Scan design is a widely used design for testability technique. According to this technique, memory elements (flip-flops) are connected into a shift register scan chain during the test mode and hence, can be directly controlled and observed. When all of the flip-flops in a circuit are included in the scan chain (full scan design), combinational test generation methods are sufficient. However, full scan design may entail unacceptable penalties in terms of area overhead and performance degradation. An alternative is to select a subset of the flip-flops for inclusion in the scan chain (partial scan). Thus, both area and performance penalties can be significantly reduced, but the partial scan circuit requires the use of sequential test generation methods.
Various approaches for selecting the flip-flops used for partial scan are classified as testability analysis based, test generation based and structural analysis based.
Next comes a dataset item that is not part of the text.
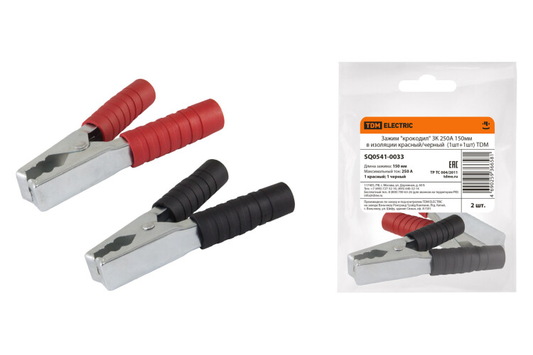 TDM Зажим "крокодил" ЗК 250А 150мм в изоляции красный/черный (1шт+1шт)

Cheng and Agrawal in an article entitled "A Partial Scan Method for Sequential Circuits with Feedback" in IEEE Transactions on Computing, vol 39, pages 544 to 548, August 1990, disclosed that the feedback cycles among flip-flops are mainly responsible for test generation complexity. They empirically observed that partial scan circuits with self-loops but without feedback cycles are easier to test than circuits that have long feedback cycles. A self-loop refers to a situation where the output of a flip-flop, after passing through combinational logic, feeds back as an input into the same flip-flop. Allowing self-loops in the partial scan circuit is particularly attractive since a large number of flip-flops in commercially used designs have self-loops. Therefore, the scan overhead will be high if it were deemed necessary to break all feedback loops.
The approach proposed by Cheng and Agrawal translates to a graph problem. Let V.sub.1, . . . , V.sub.n be the set of flip-flops in the circuit. The structural dependencies among flip-flops can be represented by a directed graph, called the S-graph. This graph has as many vertices as the number of flip-flops in the circuit. There exists an arc from vertex v.sub.i to vertex v.sub.j if there is a combinational path from flip-flop v.sub.i to flip-flop v.sub.j. Also, there is an arc from vertex v.sub.i to itself (self-loop) if there is a combinational path from flip-flop v.sub.i to itself. The flip-flop selection problem is equivalent to the problem of finding the smallest set of vertices whose removal makes the S-graph acyclic. This is referred to as the minimum feedback vertex set (MFVS) problem. If self-loops are permitted in the partial scan circuit, then the self-loops in the S-graph may be disregarded when computing the MFVS. There are situations where it may be desirable to also eliminate self-loops. Since the vertices with self-loops must belong to the MFVS, these vertices can be deleted first from the S-graph. The remaining S-graph is smaller and its MFVS, which can be solved in accordance with the teachings of the present invention, is an easier problem to solve.
The MFVS problem belongs to the class of NP-hard problems. Algorithms to solve this problem were proposed even before complexity theoretic notions were developed. A known non-trivial exact algorithm is described in an article by Smith and Walford entitled "The Identification of Minimum Feedback Vertex set of a Directed Graph" in IEEE Transaction on Circuits and Systems, vol 22, pages 9 to 14, January 1975. Their method is practical only for small graphs. Several heuristic methods have been developed for large problems but these methods cannot ascertain the closeness of the solution to the optimal solution. It is possible that the problem of finding a solution that is provably within a constant factor of the optimal solution might be NP-hard.